The Attempt at a Solution

Plugging the asymptotic expansion into the first equation gives $$(x_0+εx_1)^2+x_0+εx_1-4ε=0$$
$$x_0^2+2εx_0x_1+ε^2x_1^2+x_0+εx_1-4ε=0.$$
Equation constant and order ε terms one gets $$x_0^2+x_0=0 \quad \text{and} \quad 2x_0x_1+x_1-4=0.$$
$$ x_0 = 0,-1 \Rightarrow x_1=4,-4.$$
Thus our 2 term expansions are
$$x \approx 4ε \quad \text{and} \quad x \approx -1-4ε.$$
First we expand the cos term as a power series
$$\cos(εx) = 1 - \frac{(εx)^2}{2}+\cdots \approx 1.$$
Plugging the asymptotic expansion into the second equation gives $$(x_0+εx_1)^2+1=5$$
$$x_0^2+2εx_0x_1+ε^2x_1^2-4=0.$$
Equation constant and order ε terms one gets $$x_0^2-4=0 \quad \text{and} \quad 2x_0x_1=0.$$
$$ x_0 = \pm 2 \Rightarrow x_1=0.$$
Thus our 2 term expansions are
$$x \approx 2 \quad \text{and} \quad x \approx -2.$$
Plugging the asymptotic expansion into the third equation gives $$ε(x_0+εx_1)^3-x_0-εx_1+9=0$$
$$ε(x_0^3+2εx_0x_1+\cdots+εx_0^2x_1+\cdots)-x_0-εx_1+9=0.$$
Are the first 2 correct and not too sure on how to continue with the final one.
Please help!

 

[mfb]

You can determine x₀ if you set ε=0 and solve the equation.
Your expansion of (x₀+εx₁)³ is wrong. The right expansion will make the following steps easier.

 

[squenshl]

Thanks.
So I take it the first 2 are good.

Cheers.

 

[pasmith]

[x^2 + \cos(\epsilon x) = 5]
Thus our 2 term expansions are
$$x \approx 2 \quad \text{and} \quad x \approx -2.$$

I'm not sure that "x \sim \pm 2" really qualifies as a "two-term expansion".

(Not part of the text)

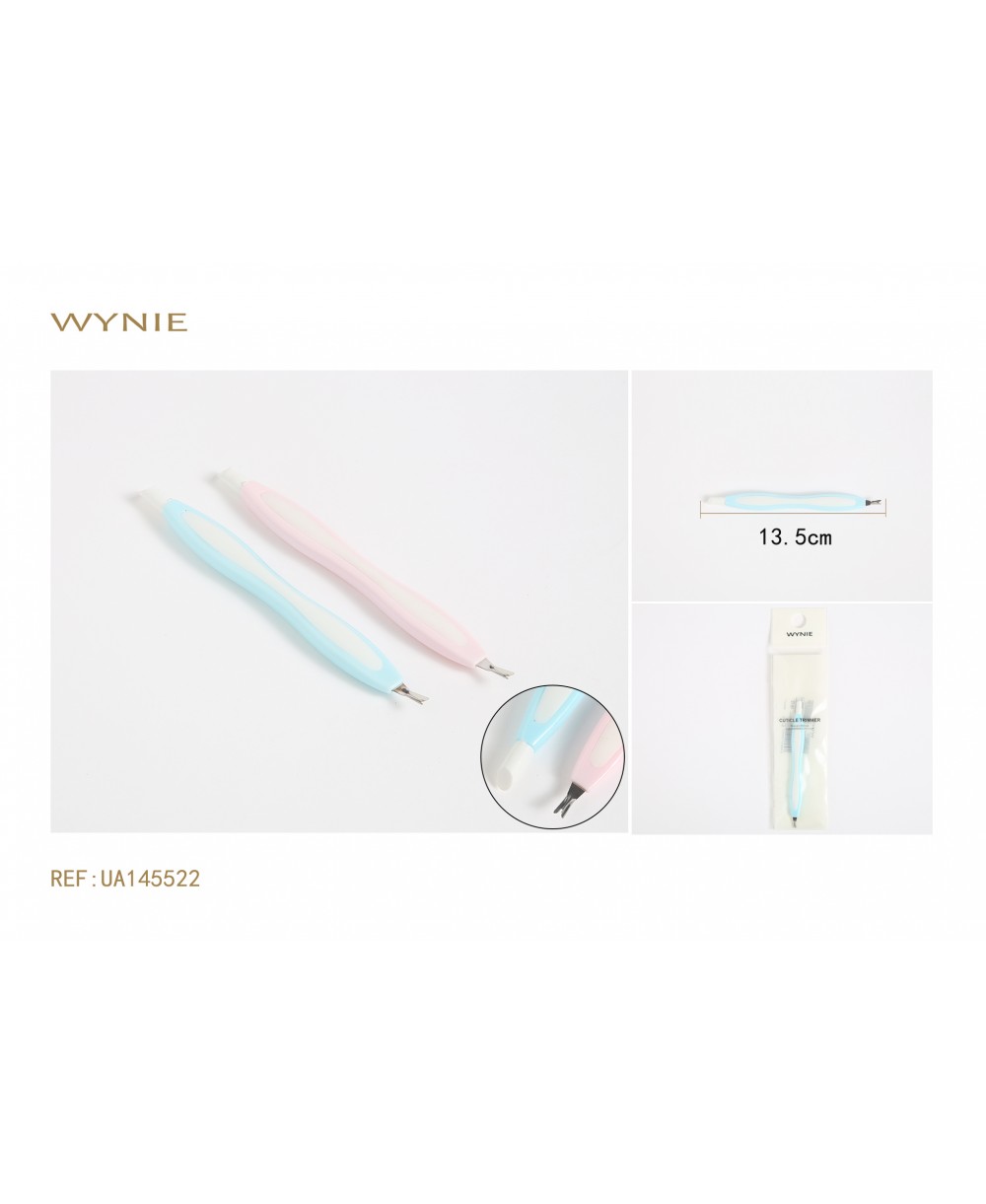 13.5CM QUITA CUTICULAS DE PLASTICO COLOR AZUL Y ROSA

Here the appropriate expansion is in powers of \epsilon^2, since changing the sign of \epsilon does not change \cos(\epsilon x), and so should not change the values of x which satisfy the equation x^2 + \cos(\epsilon x) = 5.

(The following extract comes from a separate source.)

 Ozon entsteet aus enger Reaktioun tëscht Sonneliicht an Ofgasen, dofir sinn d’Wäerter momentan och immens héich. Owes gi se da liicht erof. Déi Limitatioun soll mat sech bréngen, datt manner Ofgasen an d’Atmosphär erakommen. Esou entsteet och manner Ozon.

Try again with x \sim x_0 + x_2 \epsilon^2.

 

[squenshl]

Thanks for that.

Using the new asymptotic expansion i get
$$x \approx 2+\frac{\epsilon^2}{2} \quad \text{and} \quad x \approx -2-\frac{\epsilon^2}{2}.$$

Can someone confirm this.

Cheers.

 

[pasmith]

Thanks for that.

Using the new asymptotic expansion i get
$$x \approx 2+\frac{\epsilon^2}{2} \quad \text{and} \quad x \approx -2-\frac{\epsilon^2}{2}.$$

Can someone confirm this.

Cheers.

That is correct.

 

[Jorriss]

You can determine x₀ if you set ε=0 and solve the equation.
.

Does that remain true for singular perturbation problems such as the third problem here?

 

[mfb]

x₀ is by definition the solution for x at ε=0.
If you do not get a converging taylor expansion around ε=0, the whole method is not feasible anyway.